Oil from an industrial accident created slicks for miles along the Naugatuck River.
Story By John Murray
Photographs By Sondra Zak and Geraldo Reyes Jr.
Joe DeMatos was enjoying his Saturday afternoon at the Polish American Club in Naugatuck when he noticed an oil slick on the Naugatuck River floating past. The slick was large and it kept on coming. After several minutes DeMatos decided to contact "the river guy", and alert him to a possible oil spill up river.

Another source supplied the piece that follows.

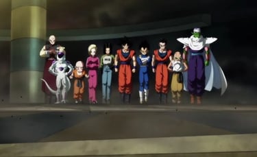 A equipe do Universo 7 se reúne no Mundo do Vazio, onde os guerreiros dos outros universos também se apresentam. Cada universo mostra seus campeões: o Universo 6 vem com Caulifla, Kale e Hit; o Universo 11 impressiona com a Tropa do Orgulho, incluindo Toppo, Dyspo e o temível Jiren. O clima é pesado; todos sabem o que está em jogo. Zen'oh e o Sumo Sacerdote explicam as regras: a luta será uma batalha real, sem matar os adversários. Quem cair da arena será eliminado, e o universo com todos os guerreiros derrotados será apagado da existência.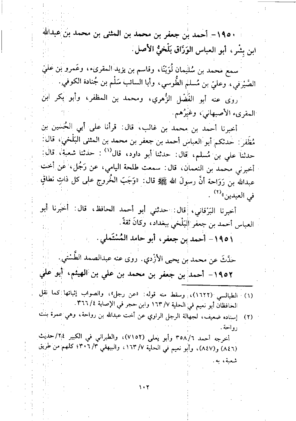1950 - أَحْمَد بْن جعفر بْن مُحَمَّد بْن المثنى بْن مُحَمَّد بْن عَبْد اللَّه بْن بشر أَبُو الْعَبَّاس الوراق بلخي الأصل

The river guy is Kevin Zak, the executive director of the Naugatuck River Revival Group (NRRG), and DeMatos reached out to him on Facebook at 4 pm. The NRRG's Facebook page is adminsitered by Kevin's wife, Sondra, who by all accounts is the "river gal". Sondra Zak got the message and immediately went to the Pulaski Bridge in Naugatuck to observe the slick. When she saw the extent of the spill she contacted the Naugatuck Fire Department. As she waited for the fire department to arrive Sondra spoke to a woman on the bridge. The woman watched the slick flowing past and grew upset.
"She asked me it it was another sewage spill from Waterbury," Sondra Zak said. "And then she began to cry."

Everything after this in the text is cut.